Возраст третьей любви, стр. 75

Юрино дежурство было окончено. Пока он размывался и переодевался, Приходько из первой травматологии уже закончил осмотр пострадавшего, которого только что привезли после автокатастрофы. И уже можно было расслабиться, идти домой и даже не прислушиваться по дороге, как плачет у двери реанимационного блока немолодая растрепанная женщина, к которой Приходько вышел за пять минут до Гринева.

Но Юра машинально прислушался, на секунду приостановился – и тут же забыл о своем намерении расслабиться и ни на что не обращать внимания…

– Понимаю ваше горе, – не замечая его, негромко говорил Приходько, наклоняясь к плачущей женщине с высоты своего баскетбольного роста. – Но поймите же и вы: у меня просто нет возможности оплачивать такие препараты из своего кармана, только поэтому я…

– Я понимаю, доктор, понимаю, – всхлипывала женщина, теребя в руках носовой платок. – Но у меня же нисколько нет с собой, я же не знала, я так растерялась, когда мне позвонили, это же мой сын, вы поймите, все так неожиданно, вы только уколите сейчас, а деньги я потом сразу же привезу, вы поверьте, у меня есть, я и сестре позвоню сейчас… сейчас же… Вы только сейчас сделайте ему этот укол, потом же поздно будет!

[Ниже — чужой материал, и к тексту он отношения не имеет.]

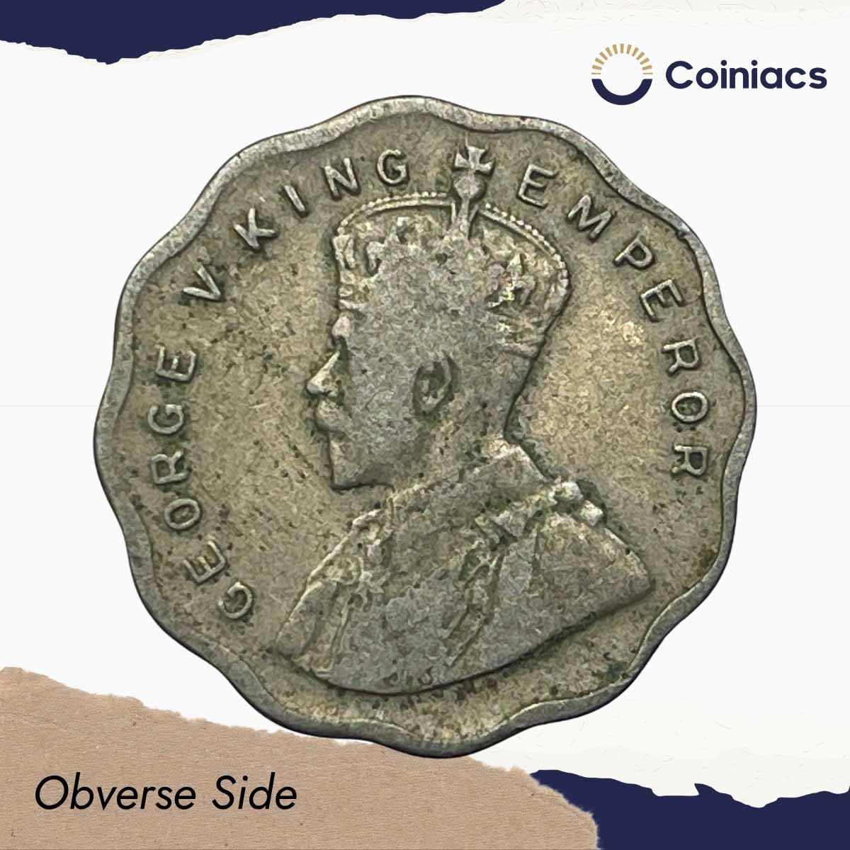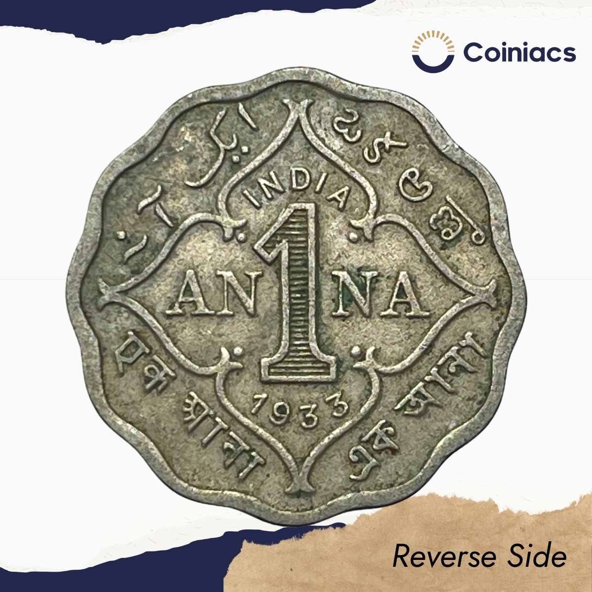 1 Anna George V King Emperor 1933 Calcutta Mint Cupro-Nickel Coin, British India Uniform Coinage, Collectible.

Последнюю фразу она уже выкрикнула, хотя по-прежнему говорила едва слышным голосом. Но такое отчаяние прозвучало в нем, что это был действительно крик, и сила звука была неважна.

Гринев почувствовал, как в глазах у него темнеет и он перестает соображать, что делает. Все могло быть: сестричка могла почаще забегать в палату к больному, который за каждый укол или процедуру совал ей шоколадку, санитарка могла наорать на «бесхозного» старика с энурезом, перестилая ему постель, врач мог взять деньги за то, чтобы не фиксировать опьянение в больничном листе… Но был предел, которого никто из них переступить не мог.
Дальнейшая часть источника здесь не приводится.